Er hat mir einfach den Kopf geradegerückt. Hat mir gezeigt, was für ein wunderschöner Beruf die Schauspielerei sein kann. Hat mir Achtung beigebracht und auch ein paar handwerkliche Kniffe. Ich habe ja nie eine Schauspielschule besucht. Alles, was ich über die Schauspielerei weiß, habe ich aus Filmen. Und er hat mir auch klargemacht, dass man als Mensch – gerade als junger Mensch – immer Verantwortung übernehmen muss für die Dinge, die man tut.

Was war sein bester Ratschlag?
„Shia, auch beim größten Erfolg, auch bei der höchsten Gage und auch wenn dir die heißesten Girls die Bude einrennen – bleib bloß auf dem Teppich!“ Das habe ich beherzigt.

Ist er als Schauspieler Ihr Vorbild?
Nicht direkt. Daniel Day-Lewis, Sydney Poitier, Dustin Hoffman, Gene Hackman – das sind meine Götter. Aber ich habe auch Vorbilder unter ganz normalen Menschen.

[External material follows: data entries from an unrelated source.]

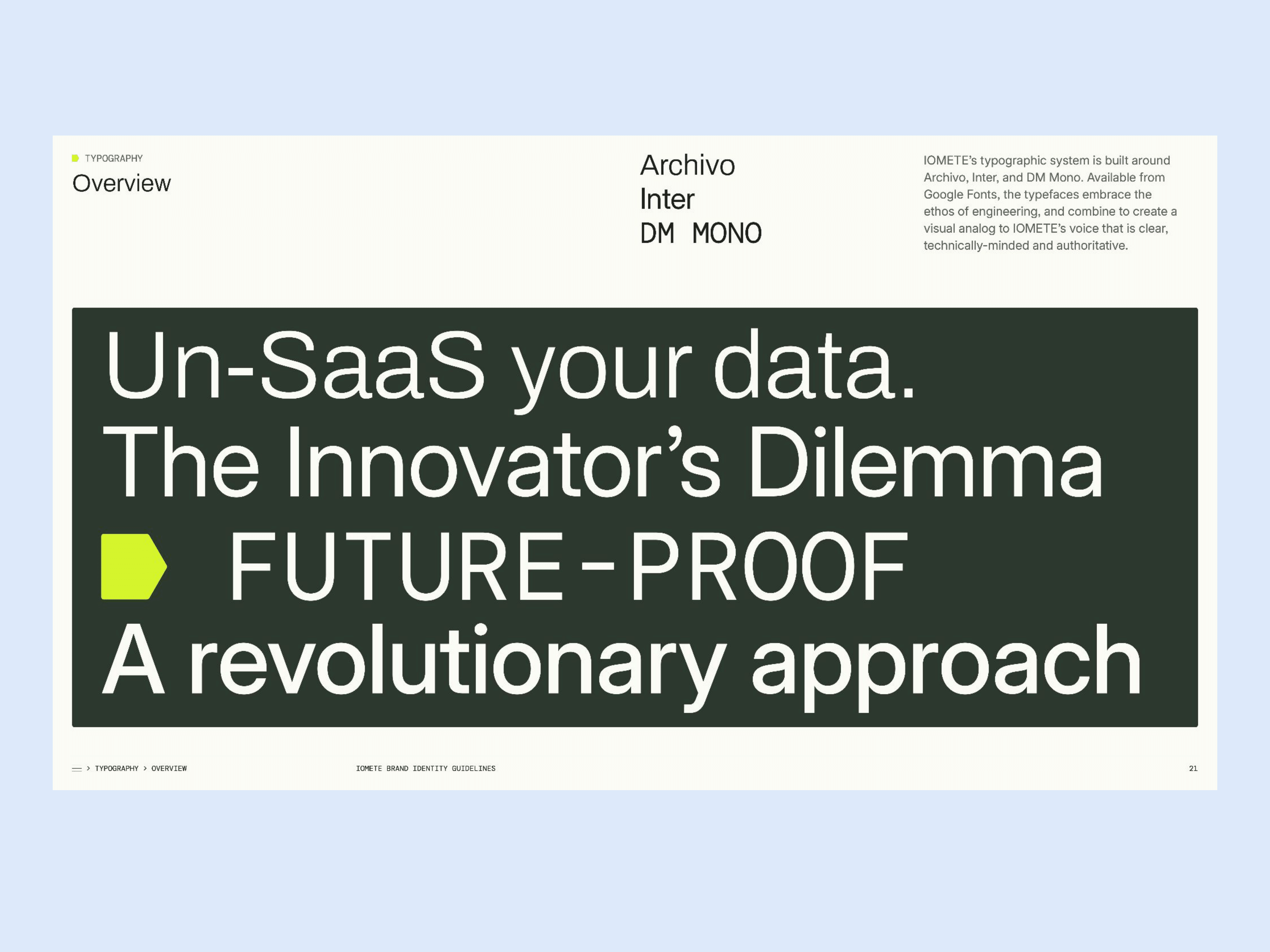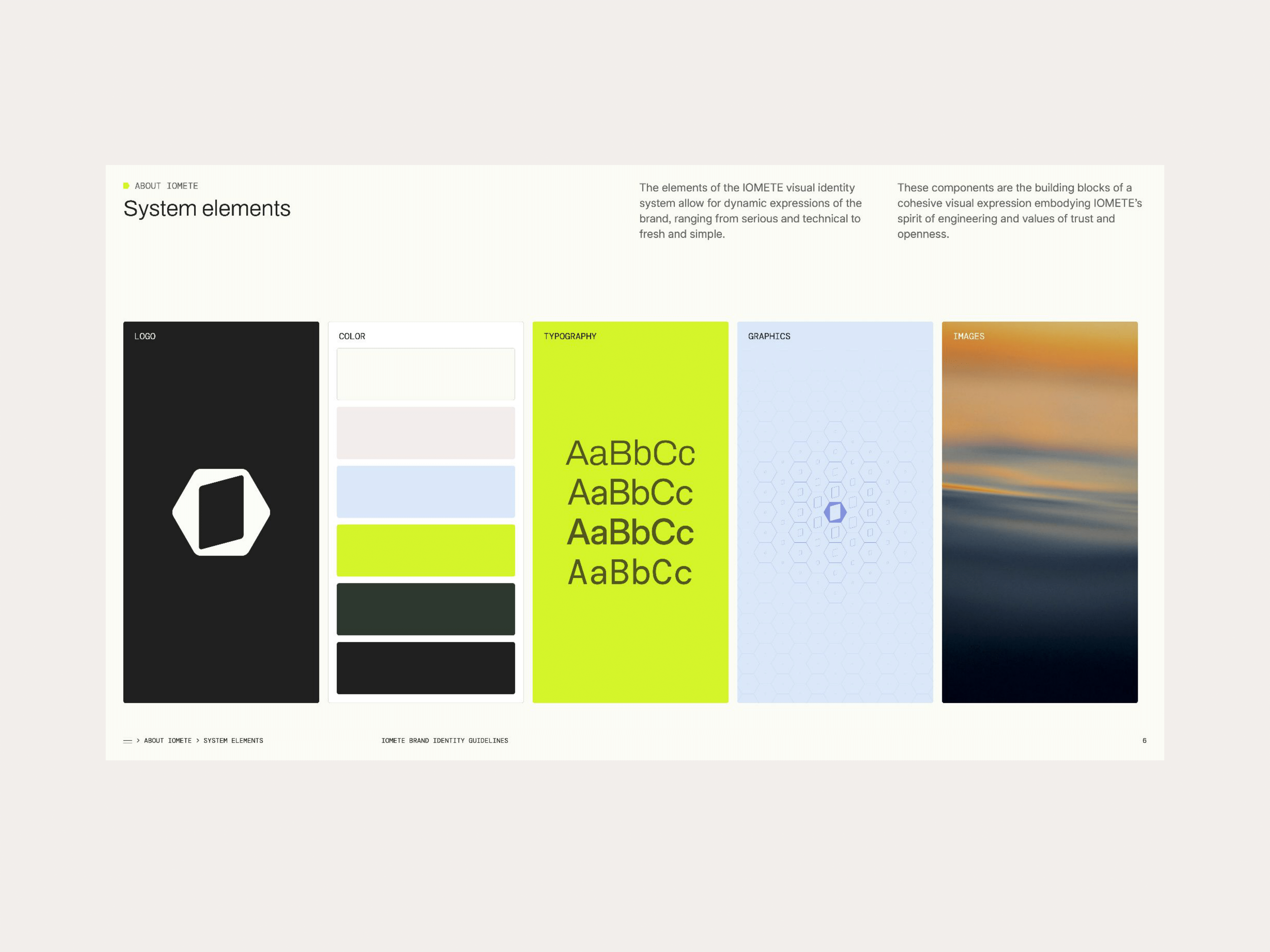 Updated branding and visual identity system for IOMETE, a next generation data platform built by engineers for engineers. The identity system’s components form the building blocks of a cohesive visual expression that encapsulates IOMETE’s spirit of engineering and values of trust and openness. Adapting seamlessly across multiple digital touchpoints, the visual identity allows for dynamic expressions of the brand, from serious and technical to fresh and simple.
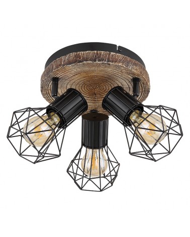 Industrial vintage circular ceiling lamp with 3 oscillating spotlights, black lampholder finish, imitation wood base, 3xE27 40W
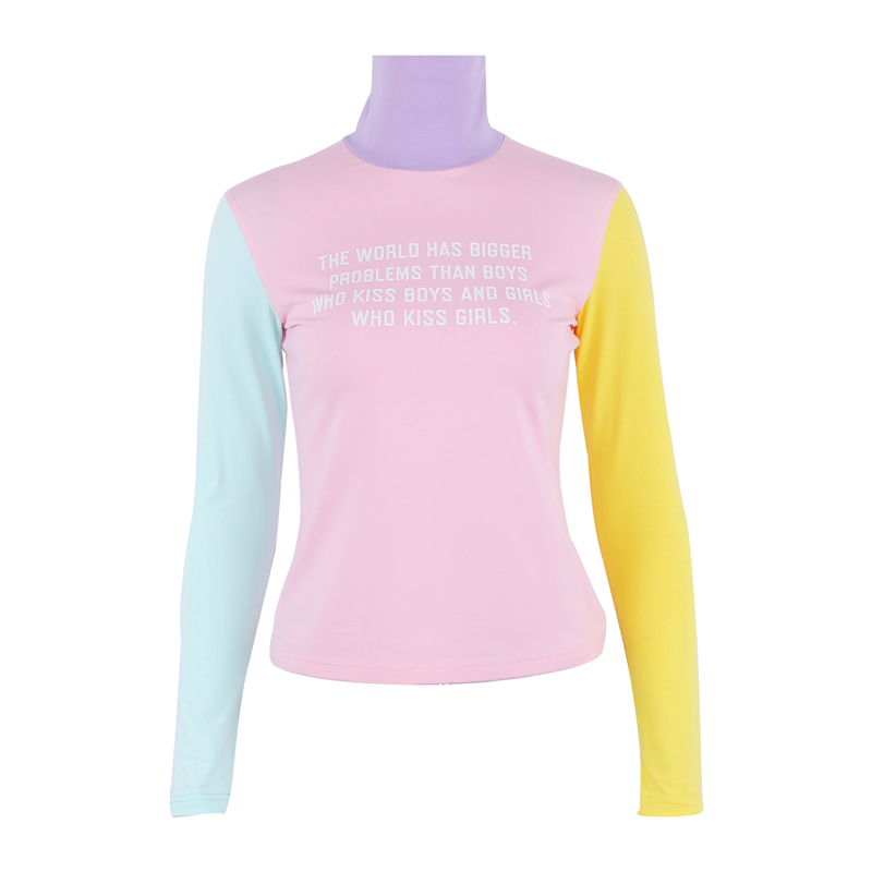 New stylish pink stitching high collar T-shirt bottoming shirt
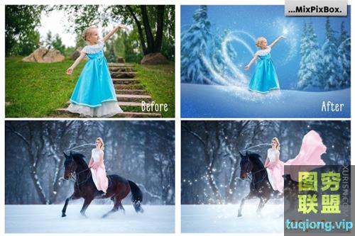 图穷联盟PS素材 » 高清奇幻冰雪魔法雪花PNG透明层合成叠加素材Snow Magic Overlays

Wie haben Sie diesen Mega-Karriere-Schub eigentlich verkraftet? Sind Sie noch normal geblieben?
Absolut normal. Denn mein wirkliches Ich lässt sich von dem ganzen Hype überhaupt nicht beeindrucken. Ich spiele ja nicht nur im Film eine Rolle, sondern auch in der Öffentlichkeit.

Immer?
Für die Medien, die Papparazzi, auf dem roten Teppich: ja! Der private Shia ist anders. Mein wirkliches Ich ist stark in eine sehr normale und bodenständige Familie eingebunden.

Wie würden Sie sich selbst mit einem Satz beschreiben?
Ich lebe in Los Angeles, bin stolzer Besitzer zweier Bulldoggen namens Rex und Brando und genieße das Leben in vollen Zügen!